(Records from a dataset)

* * * * * * *

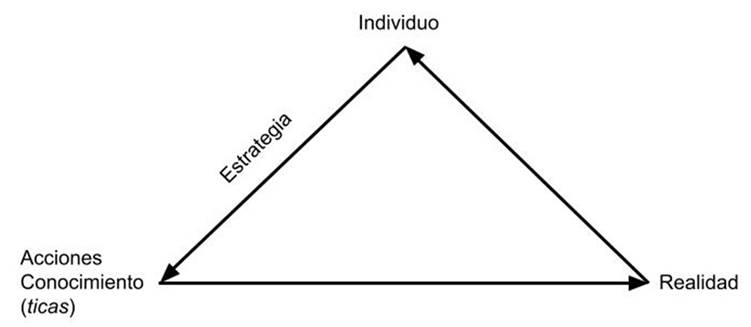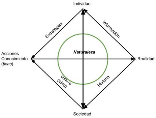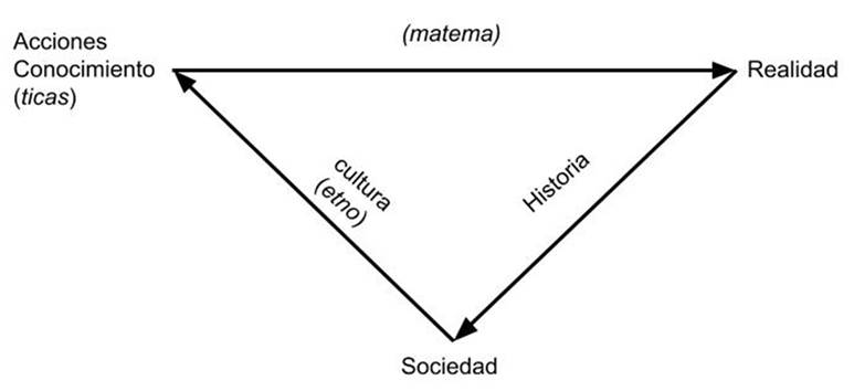 El esquema muestra que el individuo, al ser informado por la realidad natural y sociocultural, establece estrategias que le permiten actuar en congruencia con el contexto, aplicando sus conocimientos por medio de acciones que incorporan nuevos hechos como artefactos o mentefactos en la realidad. De esta forma, la realidad se va transformando por medio de acciones que actualizan el conocimiento del individuo que desde la propuesta de D’Ambrosio (2013) no se limita a lo racional, sino que involucra lo sensorial, lo intuitivo y lo emocional.
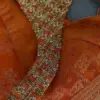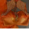 Orange Silk Halter Neck Blouse with Gold Zardosi Work and Cut-Out Back Design
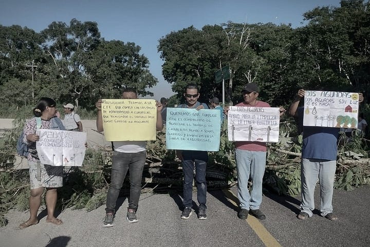 Chetumal.— Habitantes de 14 comunidades, incluidas Tres Garantías, Tomás Garrido Canabal, San José de la Montaña, Caobas y Dos Aguadas, bloquearon la carretera Nicolás Bravo-Escárcega en el entronque del Kilómetro 77 el 5 de septiembre de 2025, debido al incumplimiento de la Comisión Federal de Electricidad (CFE) en mejorar el suministro eléctrico.
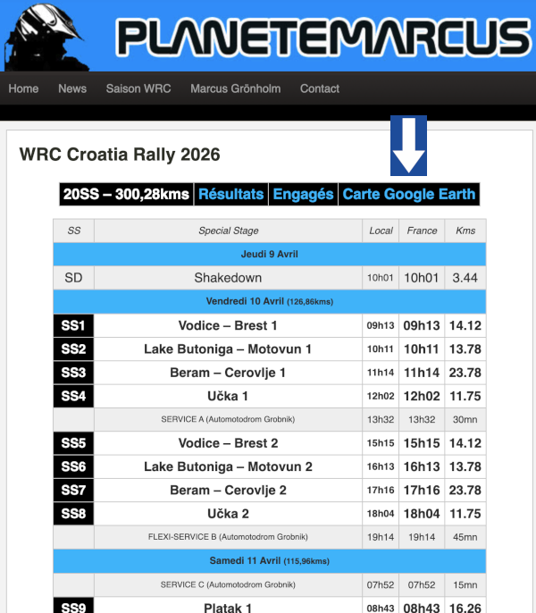 D’après une idée originale de Dimitri Dusart depuis plusieurs saisons maintenant, la carte Google Earth de chaque épreuve du championnat du monde des rallyes est disponible gratuitement sur PLANETEMARCUS. Elle vous permet de vous organiser au mieux avant de vous rendre sur place (préparer le timing, choisir les bons endroits…).
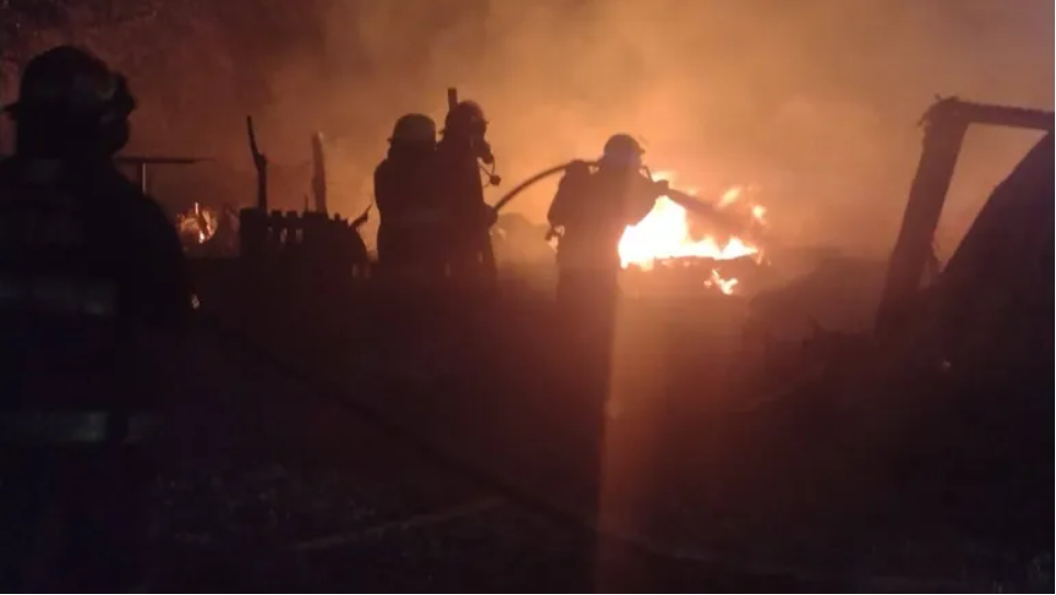 Casi en simultáneo, a las 03:20, una dotación se desplazó en el móvil 11 para intervenir en un incendio estructural que afectó a una construcción tipo pabellón en la misma localidad. Al arribar, se constató que el inmueble presentaba daños totales. Según se informó, el material de la edificación favoreció la rápida propagación del fuego, lo que dificultó las tareas iniciales de control.
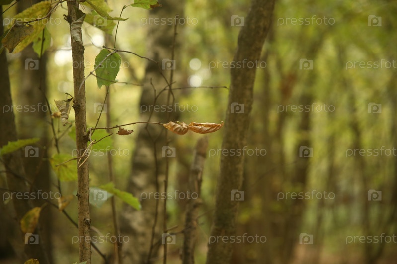 Древесные ветви с зелеными и желтыми листьями в лесу
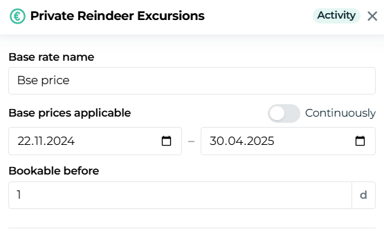 Setting a base price for an activity is an important step to ensure that your product is bookable at the correct price and availability. The base price allows you to define the activity’s basic fee, validity periods, and booking terms, which determine how early customers can make reservations.
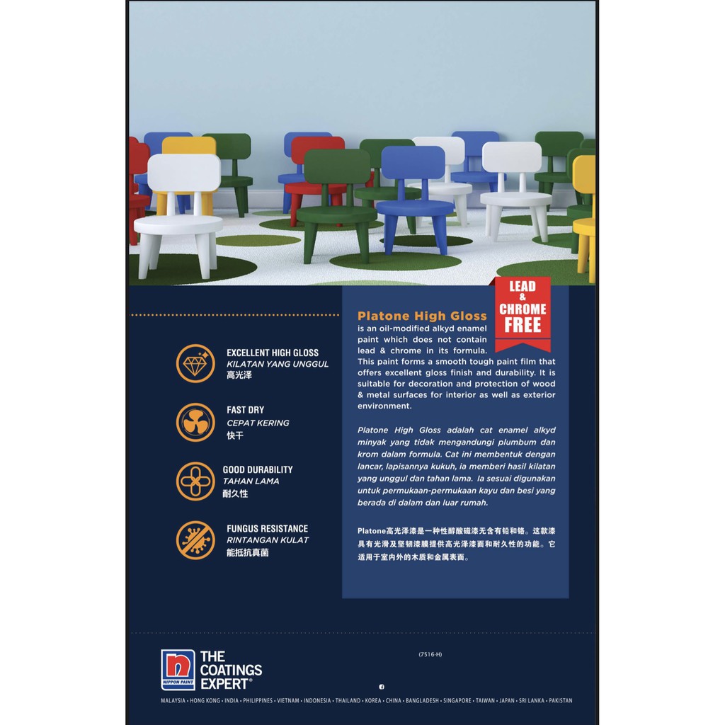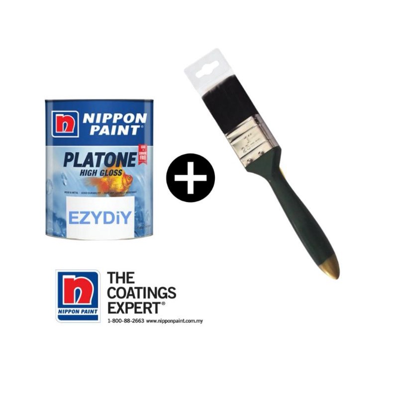 1Litres NIPPON PAINT PLATONE HIGH GLOSS METAL & WOOD PAINT FREE 1" PAINT BRUSH
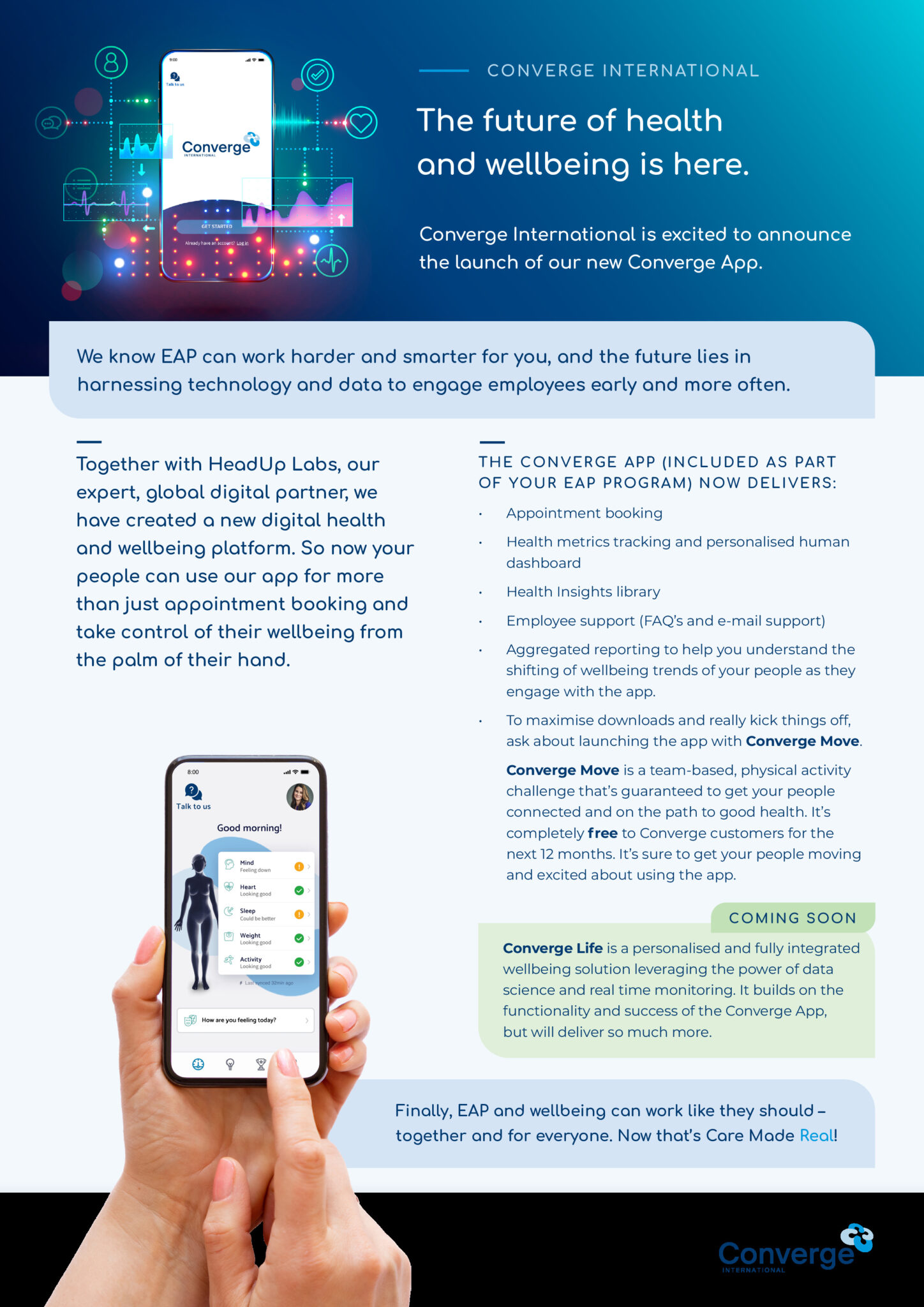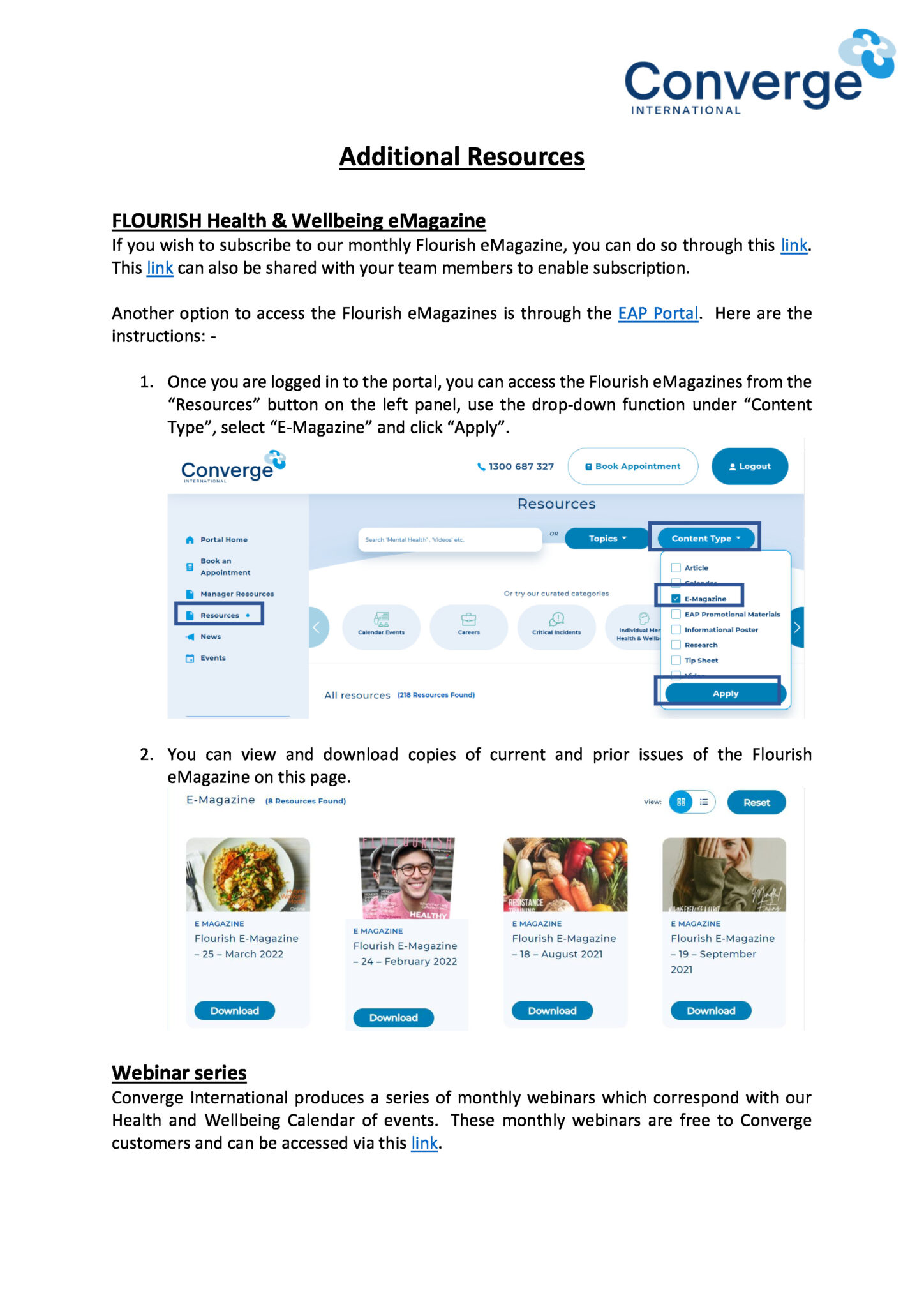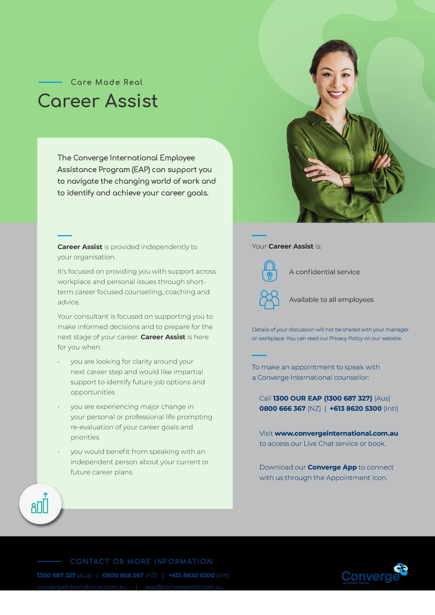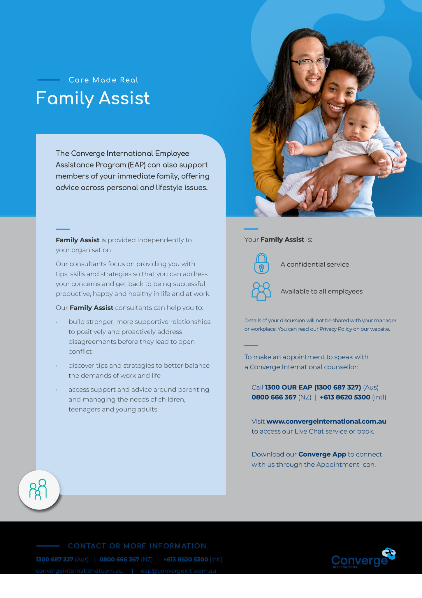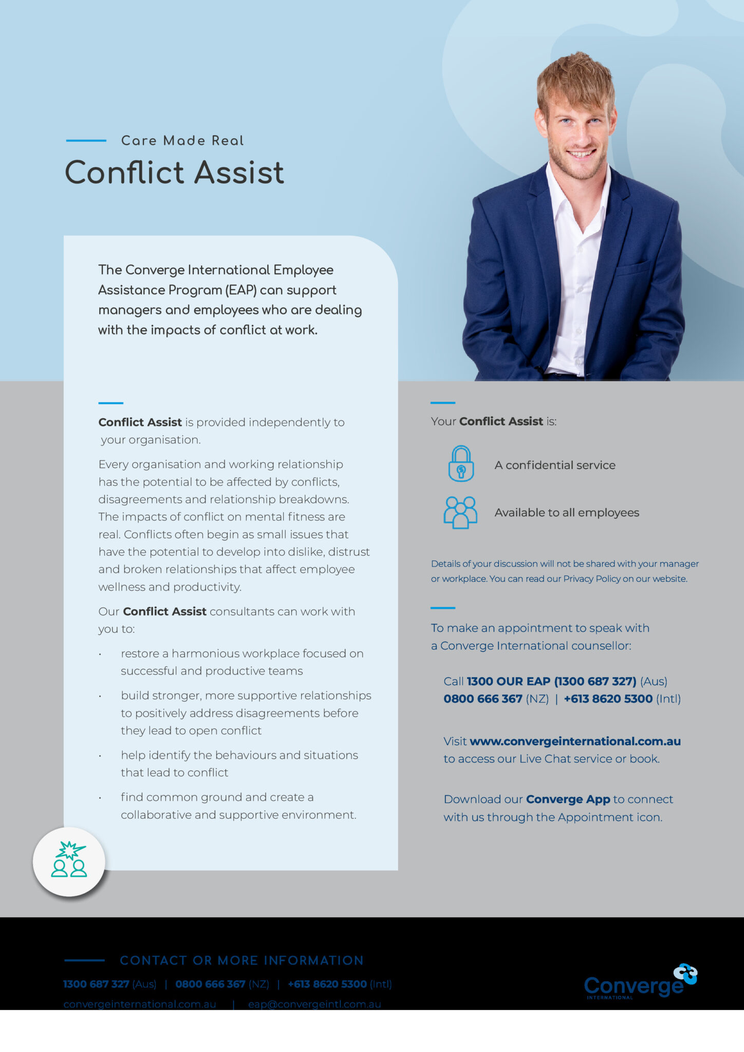 - Converge App: Engage with your counsellor via the Converge International smartphone app. When using the app, use the code ENFOEAP to book an appointment.

* * * * * * *

• **Directions for this task**: Every record above must be given again exactly; drop the pictures.

• **Response for this exercise**:
 El esquema muestra que el individuo, al ser informado por la realidad natural y sociocultural, establece estrategias que le permiten actuar en congruencia con el contexto, aplicando sus conocimientos por medio de acciones que incorporan nuevos hechos como artefactos o mentefactos en la realidad. De esta forma, la realidad se va transformando por medio de acciones que actualizan el conocimiento del individuo que desde la propuesta de D’Ambrosio (2013) no se limita a lo racional, sino que involucra lo sensorial, lo intuitivo y lo emocional.
 Orange Silk Halter Neck Blouse with Gold Zardosi Work and Cut-Out Back Design
 Chetumal.— Habitantes de 14 comunidades, incluidas Tres Garantías, Tomás Garrido Canabal, San José de la Montaña, Caobas y Dos Aguadas, bloquearon la carretera Nicolás Bravo-Escárcega en el entronque del Kilómetro 77 el 5 de septiembre de 2025, debido al incumplimiento de la Comisión Federal de Electricidad (CFE) en mejorar el suministro eléctrico.
 D’après une idée originale de Dimitri Dusart depuis plusieurs saisons maintenant, la carte Google Earth de chaque épreuve du championnat du monde des rallyes est disponible gratuitement sur PLANETEMARCUS. Elle vous permet de vous organiser au mieux avant de vous rendre sur place (préparer le timing, choisir les bons endroits…).
 Casi en simultáneo, a las 03:20, una dotación se desplazó en el móvil 11 para intervenir en un incendio estructural que afectó a una construcción tipo pabellón en la misma localidad. Al arribar, se constató que el inmueble presentaba daños totales. Según se informó, el material de la edificación favoreció la rápida propagación del fuego, lo que dificultó las tareas iniciales de control.
 Древесные ветви с зелеными и желтыми листьями в лесу
 Setting a base price for an activity is an important step to ensure that your product is bookable at the correct price and availability. The base price allows you to define the activity’s basic fee, validity periods, and booking terms, which determine how early customers can make reservations.
 1Litres NIPPON PAINT PLATONE HIGH GLOSS METAL & WOOD PAINT FREE 1" PAINT BRUSH
 - Converge App: Engage with your counsellor via the Converge International smartphone app. When using the app, use the code ENFOEAP to book an appointment.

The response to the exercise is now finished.